--- Extracted entries ---
* * * * * * * * *

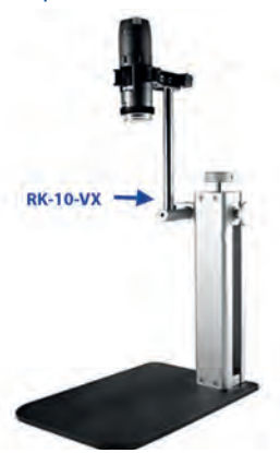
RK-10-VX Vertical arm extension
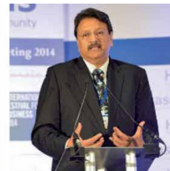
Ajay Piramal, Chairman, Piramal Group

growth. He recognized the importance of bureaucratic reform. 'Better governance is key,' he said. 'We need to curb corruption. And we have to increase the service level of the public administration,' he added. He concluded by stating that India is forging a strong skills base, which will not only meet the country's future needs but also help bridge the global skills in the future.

* * * * * * * * *

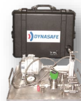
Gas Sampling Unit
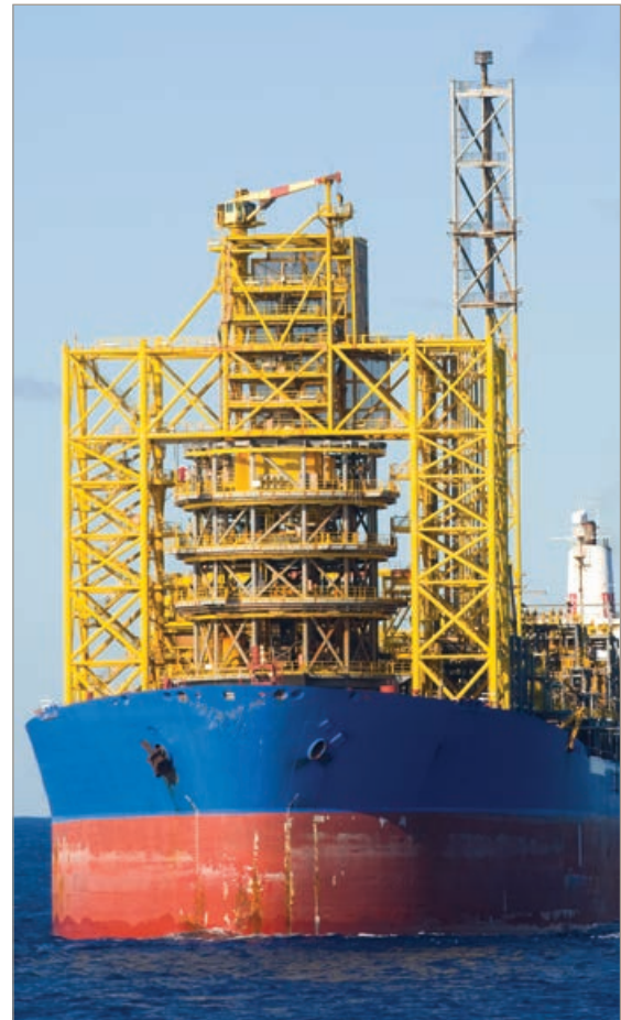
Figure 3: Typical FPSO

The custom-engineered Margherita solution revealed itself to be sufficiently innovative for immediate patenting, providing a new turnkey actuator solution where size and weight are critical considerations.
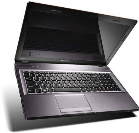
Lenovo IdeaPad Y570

* * * * * * * * *

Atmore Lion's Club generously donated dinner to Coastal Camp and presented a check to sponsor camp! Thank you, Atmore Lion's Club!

* * * * * * * * *

--- Exercise ---
An exact copy of the lines above, from the one containing "Ajay Piramal, Chairman, Piramal Group" down to the one containing "growth. He recognized" and including both, is the whole answer; retype it and nothing else.

--- Result for this exercise ---
Ajay Piramal, Chairman, Piramal Group

growth. He recognized the importance of bureaucratic reform. 'Better governance is key,' he said. 'We need to curb corruption. And we have to increase the service level of the public administration,' he added. He concluded by stating that India is forging a strong skills base, which will not only meet the country's future needs but also help bridge the global skills in the future.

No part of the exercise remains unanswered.